## WORK TASK
Extract from the entries below, exactly as given, only the lines from the line containing "Fundacja Pomocy Wdowom" to the line containing "- Nouveau DeLonghi", both lines included.

## DATA SUPPLIED
▽

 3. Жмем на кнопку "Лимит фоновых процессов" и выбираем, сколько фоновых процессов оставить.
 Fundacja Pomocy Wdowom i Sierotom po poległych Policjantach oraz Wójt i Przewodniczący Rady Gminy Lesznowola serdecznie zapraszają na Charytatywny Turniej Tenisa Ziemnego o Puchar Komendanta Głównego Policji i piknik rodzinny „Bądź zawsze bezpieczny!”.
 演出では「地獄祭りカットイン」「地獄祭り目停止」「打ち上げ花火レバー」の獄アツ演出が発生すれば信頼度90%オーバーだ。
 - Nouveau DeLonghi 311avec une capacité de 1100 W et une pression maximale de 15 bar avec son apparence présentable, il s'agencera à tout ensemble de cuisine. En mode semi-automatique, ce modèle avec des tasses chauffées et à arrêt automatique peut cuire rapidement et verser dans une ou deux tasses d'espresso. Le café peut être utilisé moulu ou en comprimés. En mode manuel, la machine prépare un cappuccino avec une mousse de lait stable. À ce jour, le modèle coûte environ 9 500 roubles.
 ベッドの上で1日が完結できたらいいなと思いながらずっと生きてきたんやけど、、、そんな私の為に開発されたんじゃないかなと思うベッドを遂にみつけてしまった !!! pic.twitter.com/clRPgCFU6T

△
▽

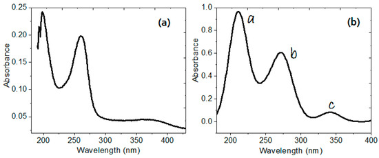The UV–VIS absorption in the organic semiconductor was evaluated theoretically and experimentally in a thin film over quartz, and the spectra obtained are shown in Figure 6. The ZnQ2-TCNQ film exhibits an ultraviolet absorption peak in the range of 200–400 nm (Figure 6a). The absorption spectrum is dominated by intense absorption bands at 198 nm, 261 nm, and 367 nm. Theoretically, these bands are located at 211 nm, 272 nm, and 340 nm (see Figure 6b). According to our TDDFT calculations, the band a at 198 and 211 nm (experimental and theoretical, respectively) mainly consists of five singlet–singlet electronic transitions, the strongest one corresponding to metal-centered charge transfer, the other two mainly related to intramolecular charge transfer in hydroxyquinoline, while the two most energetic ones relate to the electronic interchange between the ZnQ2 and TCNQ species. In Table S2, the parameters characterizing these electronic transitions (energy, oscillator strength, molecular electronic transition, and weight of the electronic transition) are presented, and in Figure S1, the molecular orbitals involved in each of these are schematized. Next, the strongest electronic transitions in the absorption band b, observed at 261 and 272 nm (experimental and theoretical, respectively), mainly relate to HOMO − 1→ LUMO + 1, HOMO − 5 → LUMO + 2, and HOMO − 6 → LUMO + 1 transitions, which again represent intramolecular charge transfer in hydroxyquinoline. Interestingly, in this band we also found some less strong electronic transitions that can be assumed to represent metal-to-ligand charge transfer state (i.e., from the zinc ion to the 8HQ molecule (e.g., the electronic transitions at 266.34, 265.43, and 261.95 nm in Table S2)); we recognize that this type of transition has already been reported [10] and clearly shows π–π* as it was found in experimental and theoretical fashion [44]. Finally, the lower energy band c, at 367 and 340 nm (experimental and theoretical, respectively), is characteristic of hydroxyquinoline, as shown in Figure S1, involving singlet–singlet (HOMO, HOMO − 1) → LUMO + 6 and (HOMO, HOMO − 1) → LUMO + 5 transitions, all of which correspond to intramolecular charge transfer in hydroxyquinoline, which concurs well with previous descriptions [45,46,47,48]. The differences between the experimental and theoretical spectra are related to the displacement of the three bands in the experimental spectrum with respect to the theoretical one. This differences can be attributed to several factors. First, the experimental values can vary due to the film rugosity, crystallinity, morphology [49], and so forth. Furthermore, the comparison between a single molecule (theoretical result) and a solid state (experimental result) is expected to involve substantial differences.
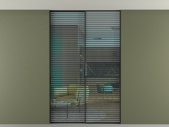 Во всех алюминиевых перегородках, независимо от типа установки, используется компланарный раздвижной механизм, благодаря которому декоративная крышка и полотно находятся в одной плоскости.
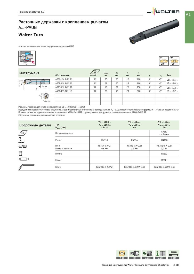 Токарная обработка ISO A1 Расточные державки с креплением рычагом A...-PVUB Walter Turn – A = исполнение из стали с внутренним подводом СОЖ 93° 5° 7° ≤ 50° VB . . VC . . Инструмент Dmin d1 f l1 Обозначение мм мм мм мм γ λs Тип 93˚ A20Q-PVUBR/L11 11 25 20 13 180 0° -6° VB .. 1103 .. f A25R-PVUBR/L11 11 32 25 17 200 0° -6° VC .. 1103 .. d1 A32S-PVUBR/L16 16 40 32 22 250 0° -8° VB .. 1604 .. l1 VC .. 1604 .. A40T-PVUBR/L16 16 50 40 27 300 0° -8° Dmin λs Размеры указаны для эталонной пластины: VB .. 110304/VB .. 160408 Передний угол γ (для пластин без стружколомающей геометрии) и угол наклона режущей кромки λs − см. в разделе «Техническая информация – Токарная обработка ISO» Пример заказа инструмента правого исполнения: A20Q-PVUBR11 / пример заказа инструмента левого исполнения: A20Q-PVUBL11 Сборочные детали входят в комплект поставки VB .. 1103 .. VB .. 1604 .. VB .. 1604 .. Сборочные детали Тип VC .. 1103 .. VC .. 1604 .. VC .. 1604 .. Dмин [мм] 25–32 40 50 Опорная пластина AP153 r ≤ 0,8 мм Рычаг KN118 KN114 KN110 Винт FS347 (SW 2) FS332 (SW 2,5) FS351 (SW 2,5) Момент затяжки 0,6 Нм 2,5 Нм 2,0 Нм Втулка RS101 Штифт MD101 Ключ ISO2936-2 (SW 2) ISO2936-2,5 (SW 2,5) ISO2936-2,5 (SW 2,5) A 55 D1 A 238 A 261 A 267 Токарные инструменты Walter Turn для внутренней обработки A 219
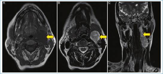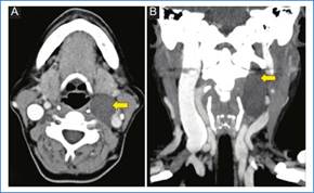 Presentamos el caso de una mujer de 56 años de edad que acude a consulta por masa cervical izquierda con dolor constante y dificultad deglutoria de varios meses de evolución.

△

## OUTPUT FOR THIS EXERCISE
 Fundacja Pomocy Wdowom i Sierotom po poległych Policjantach oraz Wójt i Przewodniczący Rady Gminy Lesznowola serdecznie zapraszają na Charytatywny Turniej Tenisa Ziemnego o Puchar Komendanta Głównego Policji i piknik rodzinny „Bądź zawsze bezpieczny!”.
 演出では「地獄祭りカットイン」「地獄祭り目停止」「打ち上げ花火レバー」の獄アツ演出が発生すれば信頼度90%オーバーだ。
 - Nouveau DeLonghi 311avec une capacité de 1100 W et une pression maximale de 15 bar avec son apparence présentable, il s'agencera à tout ensemble de cuisine. En mode semi-automatique, ce modèle avec des tasses chauffées et à arrêt automatique peut cuire rapidement et verser dans une ou deux tasses d'espresso. Le café peut être utilisé moulu ou en comprimés. En mode manuel, la machine prépare un cappuccino avec une mousse de lait stable. À ce jour, le modèle coûte environ 9 500 roubles.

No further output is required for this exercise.